▶ **WHAT TO WORK ON**: What you output must match, exactly, the lines from the start of the records to the line containing "Beautiful flat- aparment", both ends kept and pictures excluded.

--- EXTRACTED INFORMATION Enclosed Below ---

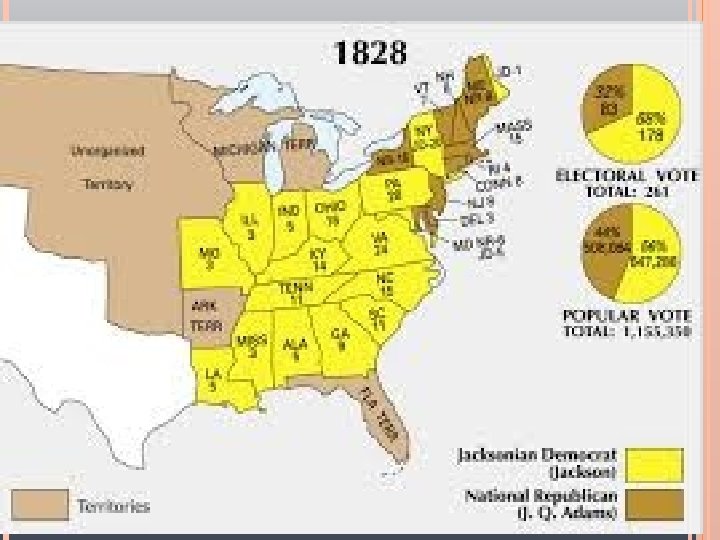 C. GOING “WHOLE HOG” FOR JACKSON IN 1828 More organized parties National Republicans- Adams Democratic-Republicans- Jackson (Democrats) Mudslinging & personal characteristics Election of 1828 Sectional Jackson- South & West (agriculture)- new voters Adams- North (manufacture)
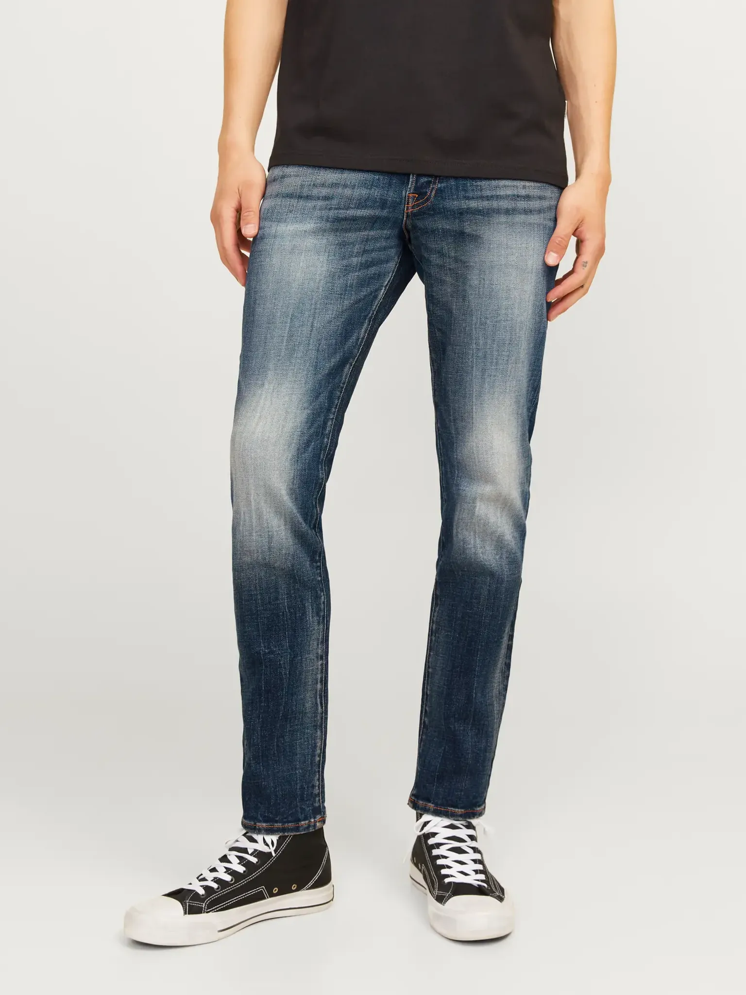Mörka slim fit jeans med stentvättad yta - GLENN
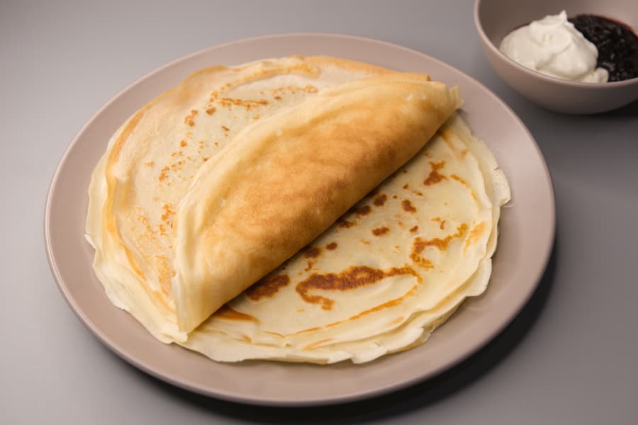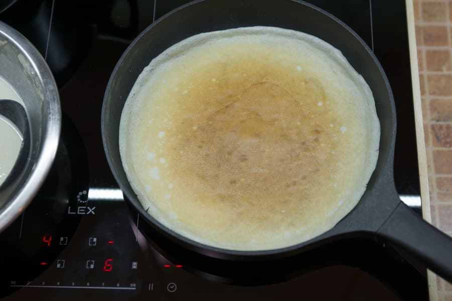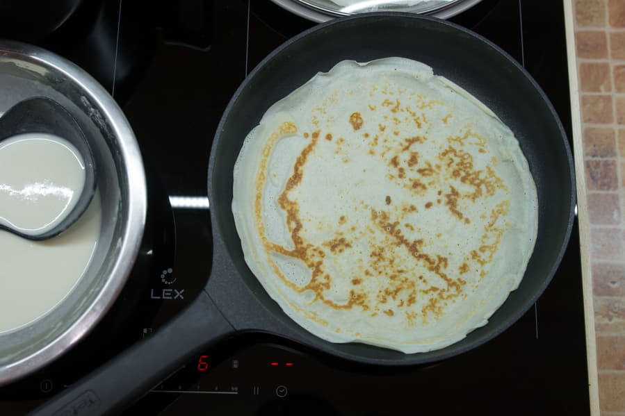 Ингредиенты: кефир — 180 г, молоко — 180 г, блинная мука — 160 г, растительное масло — 1,5 ст. л., сахар — 2 ст. л., щепотка соли, 2 яйца
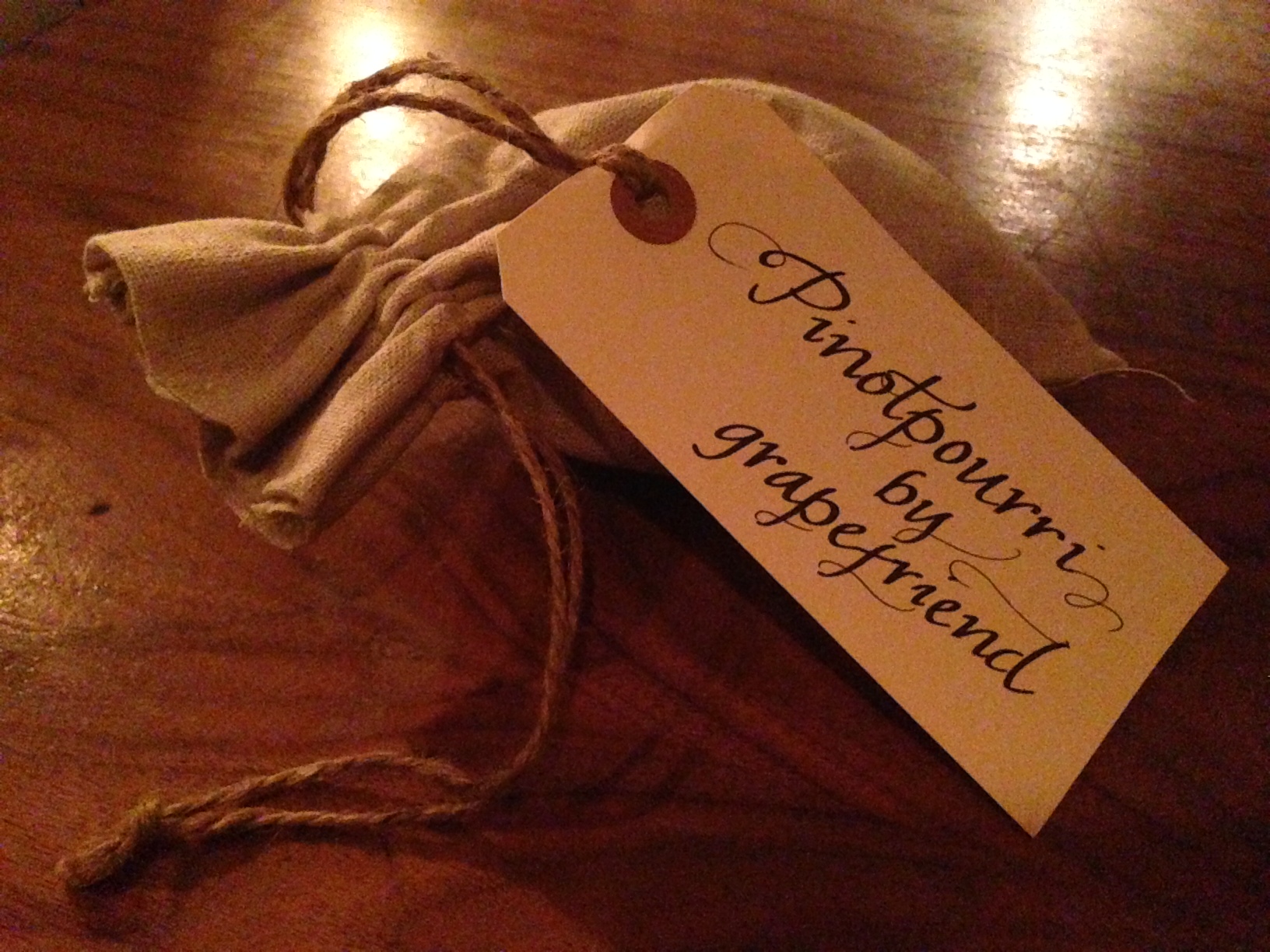 One of the most telling signs that a wine is Pinot when you’re smelling it is a cherry scent, so I put in some black cherry potpourri into my satchel. Then I added a dash of raspberry (I would’ve gone for cranberry which is a more common Pinot fruit, but they didn’t have that). Then I added a dash of oak, which is what Pinot is aged in, and some cedar box and clove which you might get from an older Pinot.
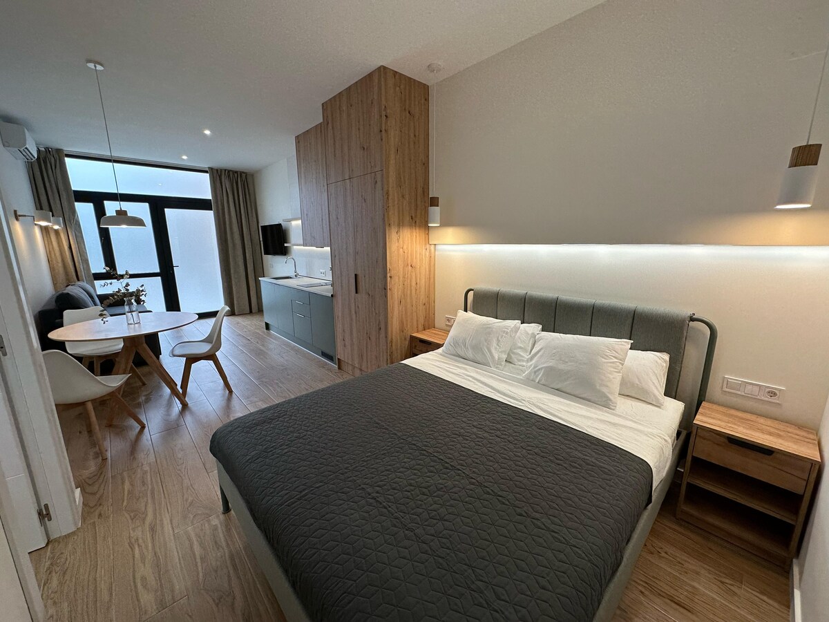 Beautiful flat- aparment for 4 people very comfortable and cozy. To stay as long as you want to. The apartment has a spacious living room with kitchen, a large picture window and two armchairs that you'll be able to use as your reading area, or if you prefer, you can watch the 48'' TV or surf the internet. Their two double bedroom have beds of 160 cm. The flat is completely soundproofed.
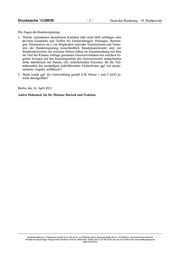 Drucksache 19/29030 –2– Deutscher Bundestag – 19. Wahlperiode Wir fragen die Bundesregierung: 1. Welche vereinbarten dienstlichen Kontakte (alle nicht bloß zufälligen oder privaten Gespräche und Treffen bei Veranstaltungen, Sitzungen, Beratun- gen, Dienstreisen etc.) von Mitgliedern und/oder Vertreterinnen und Vertre- tern der Bundesregierung (einschließlich Bundeskanzleramt) oder der Bundesministerien mit externen Dritten haben im Zusammenhang mit dem im Titel der Kleinen Anfrage genannten Gesetzesvorhaben mit welchem Er- gebnis bezogen auf den Regelungsinhalt des Gesetzentwurfs stattgefunden (bitte tabellarisch mit Datum, Ort, teilnehmenden Personen, für die Teil- nehmenden des zuständigen federführenden Fachreferates ggf. mit anony- misierter Angabe, aufführen)? 2. Wann wurde ggf. die Unterrichtung gemäß § 48 Absatz 1 und 2 GGO je- weils durchgeführt? Berlin, den 16. April 2021 Amira Mohamed Ali, Dr. Dietmar Bartsch und Fraktion Gesamtherstellung: H. Heenemann GmbH & Co. KG, Buch- und Offsetdruckerei, Bessemerstraße 83–91, 12103 Berlin, www.heenemann-druck.de Vertrieb: Bundesanzeiger Verlag GmbH, Postfach 10 05 34, 50445 Köln, Telefon (02 21) 97 66 83 40, Fax (02 21) 97 66 83 44, www.betrifft-gesetze.de ISSN 0722-8333
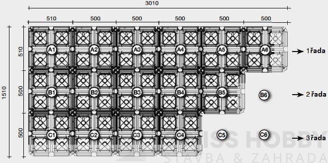Potřebný počet tvarovek vypočítáte dle vzorce: plocha x 4 (například: 20 m2 x 4 = 80 kusů IGLÚ)
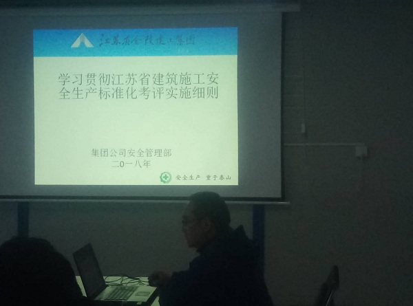 會上,首先由安全管理部副經理孫孝勇帶領大家學習江蘇省住建廳最新發(fā)布的《江蘇省建筑施工安全生產標準化考評實施細則》。
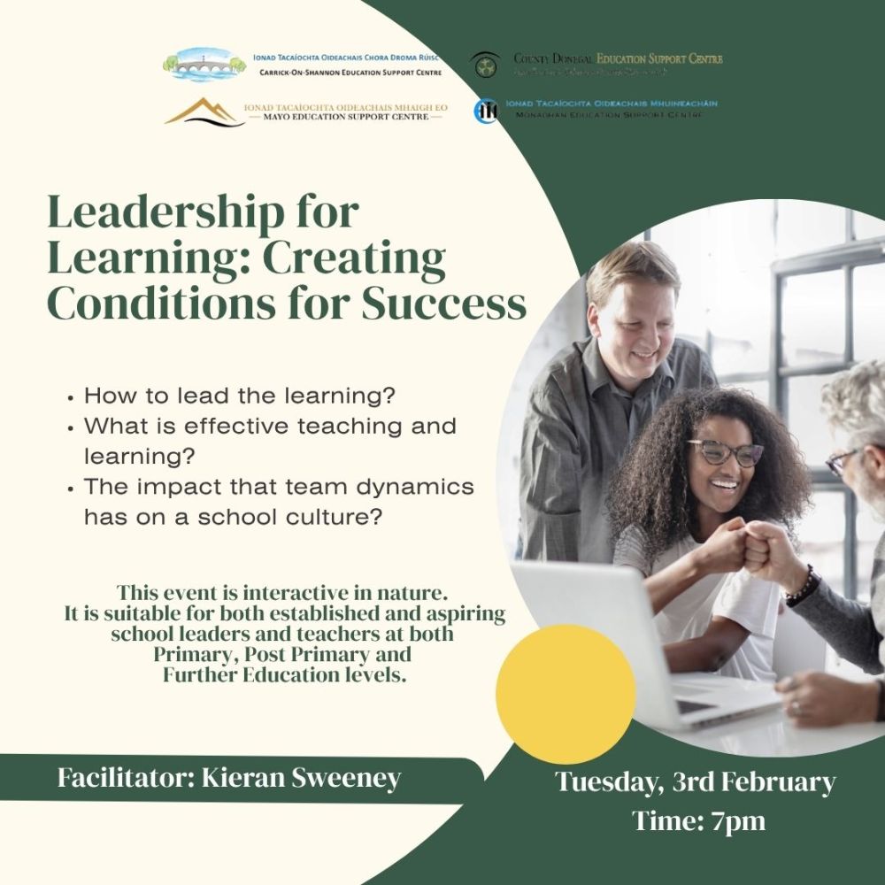 This event is interactive in nature. It is suitable for both established and aspiring school leaders and teachers at both Primary, Post Primary and Further Education levels.

--- End of Enclosed EXTRACTED INFORMATION ---

▶ **SOLUTION FOR THIS TASK**:
 C. GOING “WHOLE HOG” FOR JACKSON IN 1828 More organized parties National Republicans- Adams Democratic-Republicans- Jackson (Democrats) Mudslinging & personal characteristics Election of 1828 Sectional Jackson- South & West (agriculture)- new voters Adams- North (manufacture)
Mörka slim fit jeans med stentvättad yta - GLENN
 Ингредиенты: кефир — 180 г, молоко — 180 г, блинная мука — 160 г, растительное масло — 1,5 ст. л., сахар — 2 ст. л., щепотка соли, 2 яйца
 One of the most telling signs that a wine is Pinot when you’re smelling it is a cherry scent, so I put in some black cherry potpourri into my satchel. Then I added a dash of raspberry (I would’ve gone for cranberry which is a more common Pinot fruit, but they didn’t have that). Then I added a dash of oak, which is what Pinot is aged in, and some cedar box and clove which you might get from an older Pinot.
 Beautiful flat- aparment for 4 people very comfortable and cozy. To stay as long as you want to. The apartment has a spacious living room with kitchen, a large picture window and two armchairs that you'll be able to use as your reading area, or if you prefer, you can watch the 48'' TV or surf the internet. Their two double bedroom have beds of 160 cm. The flat is completely soundproofed.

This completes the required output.